Elements of the process model included use of a global pricing model with a local adjustment; a fee at risk approach using a productivity index to ensure productivity gains; volume-banding to allow for flexibility and to capture the effect of fixed asset volumes and use of a gain-share incentive structure. (These elements are discussed at length in a University of Tennessee white paper on Microsoft OneFinance.)
Getting the business model and contract right was only the first step. A successful outsourcing relationship is only as good as the governance that follows the signing ceremony. What happens after signing is what matters, most especially in a Vested partnership.
The OneFinance team believed if they did a good job picking the right partner, a trusted expert in its field, they would manage the business with a minimal headcount. Microsoft decided to invest in a sound and flexible governance structure would be used in lieu of paying employees to watch over Accenture doing the work.

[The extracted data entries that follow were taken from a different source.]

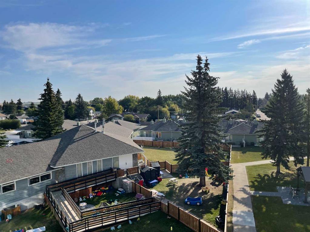 This very well maintained top floor condo unit may be just the ticket for you to get rid of the snow shovels and lawn mower! Campus Green is a great community within the great community of Didsbury. The open plan allows you to have plenty of options for setting up your main living areas. Step inside this unit and into the bright white kitchen with plenty of cabinets and a newer counter-top. The living room and dining area are conveniently located off of the kitchen. Walk through the living room that features a wall style air conditioner and sliding patio doors to the east facing covered balcony. From your balcony you have terrific views of the courtyard/greenspace behind and of the east side of Didsbury and even the countryside beyond. The balcony features a handy storage closet for those items you don't use everyday. The primary bedroom is spacious and features 2 closets and a 2 piece ensuite. The main bathroom has a nice shower with seat and a large vanity. The second bedroom boasts french doors and a murphy bed wall unit that allows it to be an office and a guest room. The laundry room has additional storage space. This building has secure heated parking, a gathering rec room space and a social area with tables and chairs. Truly a nice place to call home.
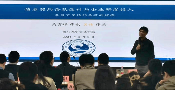 吴育辉教授与其博士生吴伟分享了《债权人利益保护与企业研发决策—基于交叉违约条款的实证研究》的报告。报告中提到2014年超日债违约事件正式宣告债券市场刚性兑付被打破,2020年永煤集团、华晨汽车等债券违约事件,更是暴露出了大股东侵害债权人利益的企图。基于此,维护债券投资者的合法权益不仅是债券市场高质量发展的需求,也是防范化解系统性金融风险的必要条件。
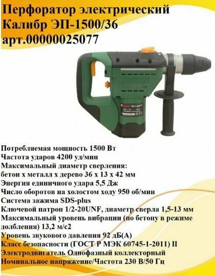 Калибр Перфоратор Электрический Эп-1500/36
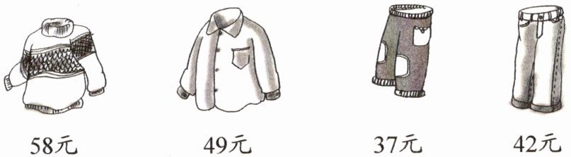 要计算最少用多少钱,就需要选择价格最低的上衣和价格最低的裤子。上衣中$49$元小于$58$元,裤子中$37$元小于$42$元,所以最少花费$49 + 37$元。
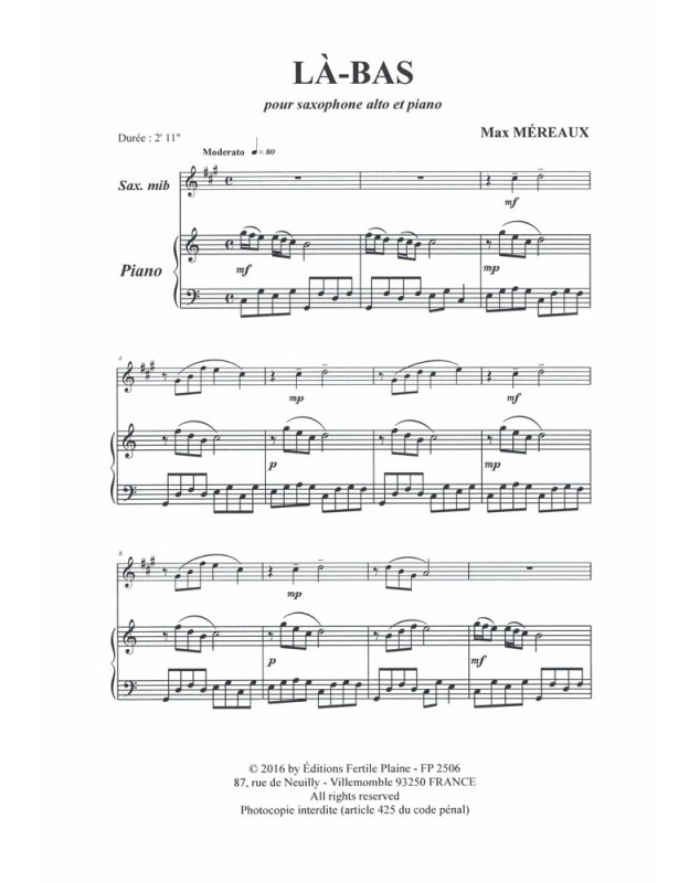 Là-Bas Alto Max Mereaux Saxophone et Piano Recueil + Partition
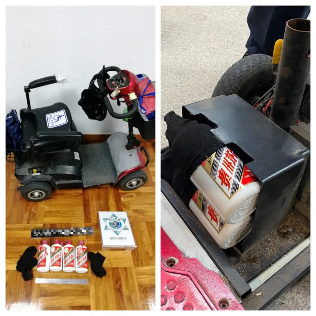 Na tarde do dia 9, o pessoal dos SA em serviço encontrou no Posto Fronteiriço das Portas do Cerco, um indivíduo do sexo feminino sentada numa cadeira de rodas eléctrica que estava a fazer a passagem fronteiriça, visto que ela evitou, de propósito, o contacto visual com o pessoal alfandegário, os movimentos anormais levaram à suspeita de que a mesma estava a esconder artigos suspeitos. Após uma inspecção mais profunda, verificou que a memsa tinha transformado a cadeira de rodas eléctica para esconder as 4 garrafas de vinho branco chinês no compartimento oculto após transformação com a intenção de transportar os vinhos em questão para fora de Macau.

Microsoft wanted to stress insight and transformation, not oversight. Microsoft and Accenture purposefully and strategically crafted a governance structure that would best allow for this to happen. A key component of the governance structure was balancing regional execution needs and corporate needs to drive standardization and transformation. The parties moved beyond lip service of saying they wanted transformation and invested in a resources and process that would drive transformation. Microsoft and Accenture also invested in a “2 in a Box” peer-to-peer governance structure to foster decision making, encourage timely issue resolution at the lowest possible levels, and drive consensus on implementing changes in their transformation initiatives. The peer-to-peer relationships proved to valuable in ensuring the companies stayed in alignment.
The companies also invested heavily in communication tools and processes that allowed the parties to work transparently.
Today the OneFinance initiative outsources back office finance transactions in 96 countries to Accenture, but ultimately it is the results that matter. Within the first two years the team had reduced the number of systems used to manage finance operations from 140 to less than 40 and achieved impressive operational service levels at 99.5%. By year five the duo had achieved over 75% standardization across all processes, yielding productivity gains of 18% and an additional costs savings of $63 million for Microsoft. But the best result comes from getting to sleep at night. Together Microsoft and Accenture have conquered compliance. They increased Sarbanes Oxley compliance from just 15 large subsidiaries to all 96 subsidiaries within the first two years and are proud to report zero un-remediated S-Ox 404/302 audit control deficiencies.
Today, the OneFinance book of business is valued at $330 million and runs through 2018. Accenture has a future revenue stream as part of a long-term contract that most service providers would envy.
The OneFinance contract is the essence of a Vested relationship. While Microsoft believes it is on the path to achieve what it set out to achieve, it did it with the help of a business partner. Using the Vested model, Microsoft and Accenture share a vision and they share success. They are on the same creative and innovative journey, working together to drive out waste and create world-class financial processes and a sustainable infrastructure for the twenty-first century.
The real-world OneFinance lesson is clear: Those who challenge themselves to follow Vested’s rules and component elements can create innovative solutions and shared value that resolve the conflicting goals so often found in conventionally outsourced business models.